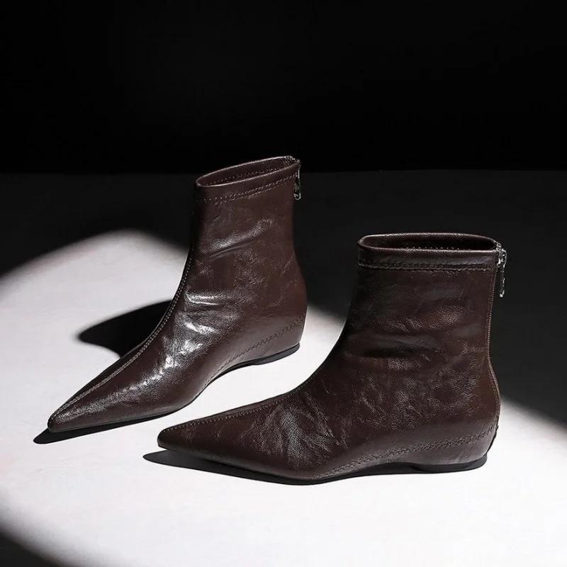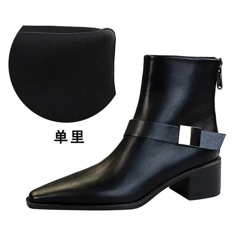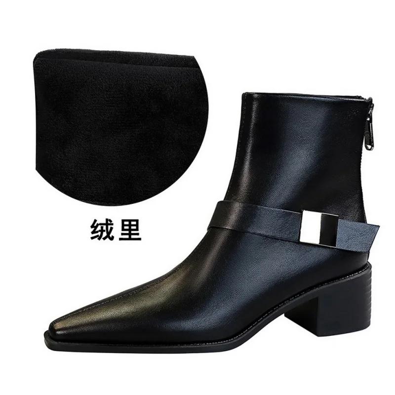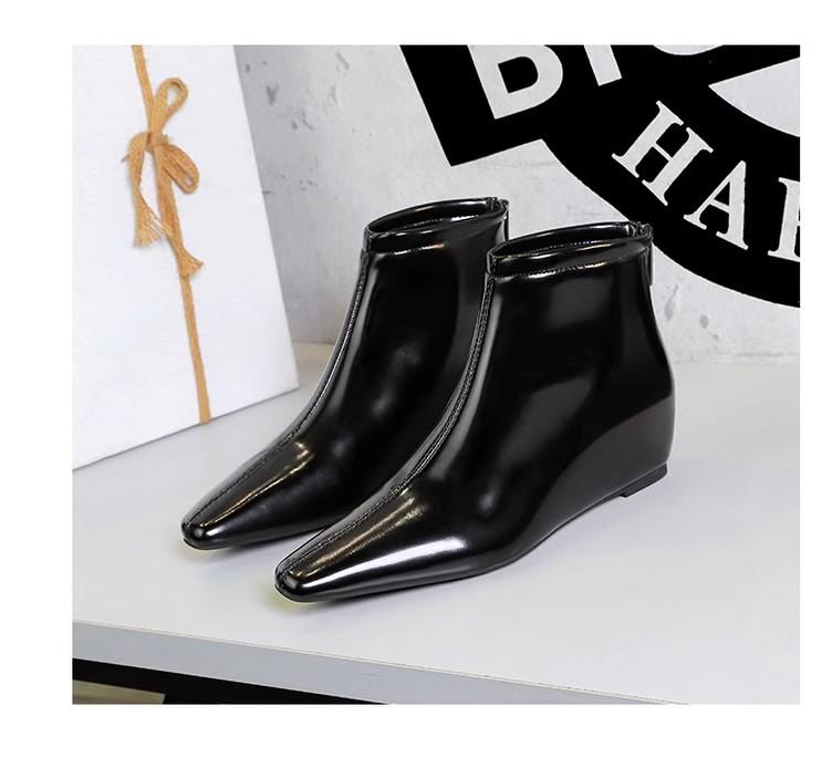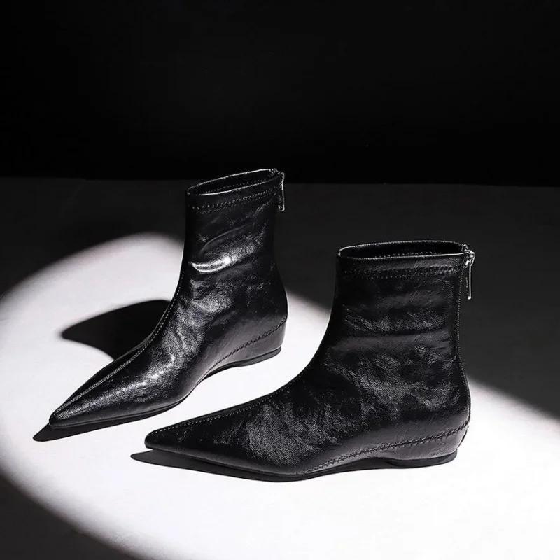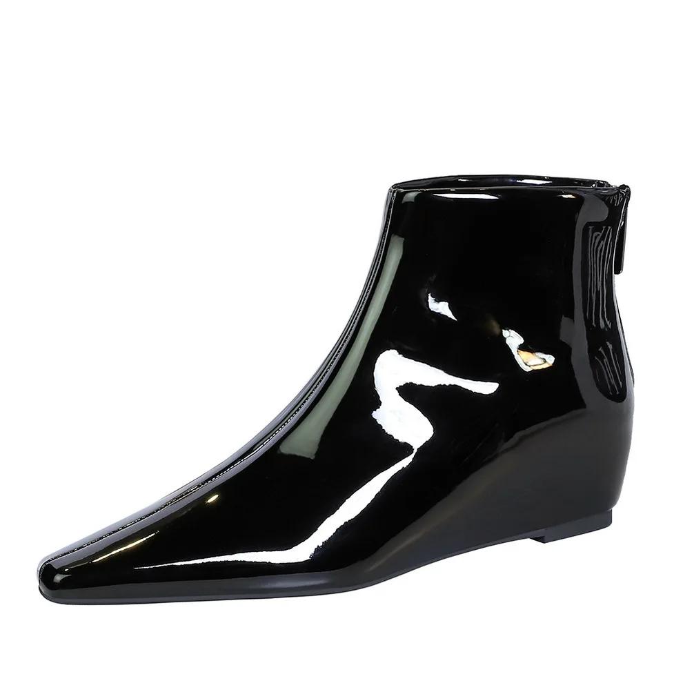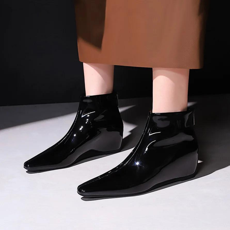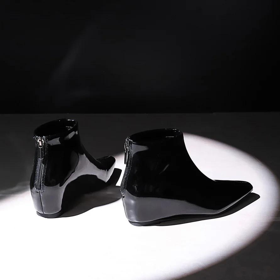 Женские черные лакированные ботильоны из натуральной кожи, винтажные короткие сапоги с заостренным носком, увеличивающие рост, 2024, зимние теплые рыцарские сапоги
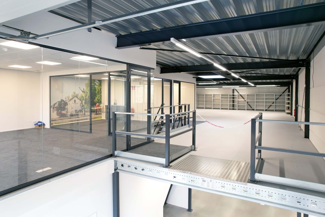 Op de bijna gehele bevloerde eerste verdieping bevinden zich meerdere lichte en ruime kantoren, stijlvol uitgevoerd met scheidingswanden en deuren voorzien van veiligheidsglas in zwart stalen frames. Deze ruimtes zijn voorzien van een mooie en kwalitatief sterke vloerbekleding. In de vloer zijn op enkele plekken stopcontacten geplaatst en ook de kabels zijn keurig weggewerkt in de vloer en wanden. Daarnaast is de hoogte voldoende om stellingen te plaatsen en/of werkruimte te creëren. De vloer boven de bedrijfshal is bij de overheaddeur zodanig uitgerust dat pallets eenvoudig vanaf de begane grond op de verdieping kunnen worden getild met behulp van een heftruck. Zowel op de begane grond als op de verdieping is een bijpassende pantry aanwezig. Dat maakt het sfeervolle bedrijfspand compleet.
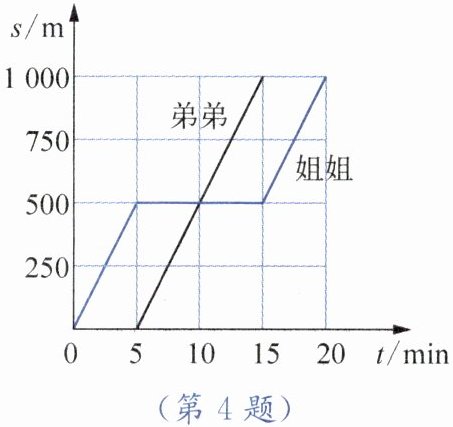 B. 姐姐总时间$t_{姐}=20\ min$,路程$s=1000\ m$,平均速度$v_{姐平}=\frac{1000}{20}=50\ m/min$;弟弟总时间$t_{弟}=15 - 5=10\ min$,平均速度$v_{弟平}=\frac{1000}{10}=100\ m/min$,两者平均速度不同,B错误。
:::
Directions for this task =>
The expected answer is an unaltered copy of the listing, images removed.

Response to this task =>
 Женские черные лакированные ботильоны из натуральной кожи, винтажные короткие сапоги с заостренным носком, увеличивающие рост, 2024, зимние теплые рыцарские сапоги
 Op de bijna gehele bevloerde eerste verdieping bevinden zich meerdere lichte en ruime kantoren, stijlvol uitgevoerd met scheidingswanden en deuren voorzien van veiligheidsglas in zwart stalen frames. Deze ruimtes zijn voorzien van een mooie en kwalitatief sterke vloerbekleding. In de vloer zijn op enkele plekken stopcontacten geplaatst en ook de kabels zijn keurig weggewerkt in de vloer en wanden. Daarnaast is de hoogte voldoende om stellingen te plaatsen en/of werkruimte te creëren. De vloer boven de bedrijfshal is bij de overheaddeur zodanig uitgerust dat pallets eenvoudig vanaf de begane grond op de verdieping kunnen worden getild met behulp van een heftruck. Zowel op de begane grond als op de verdieping is een bijpassende pantry aanwezig. Dat maakt het sfeervolle bedrijfspand compleet.
 B. 姐姐总时间$t_{姐}=20\ min$,路程$s=1000\ m$,平均速度$v_{姐平}=\frac{1000}{20}=50\ m/min$;弟弟总时间$t_{弟}=15 - 5=10\ min$,平均速度$v_{弟平}=\frac{1000}{10}=100\ m/min$,两者平均速度不同,B错误。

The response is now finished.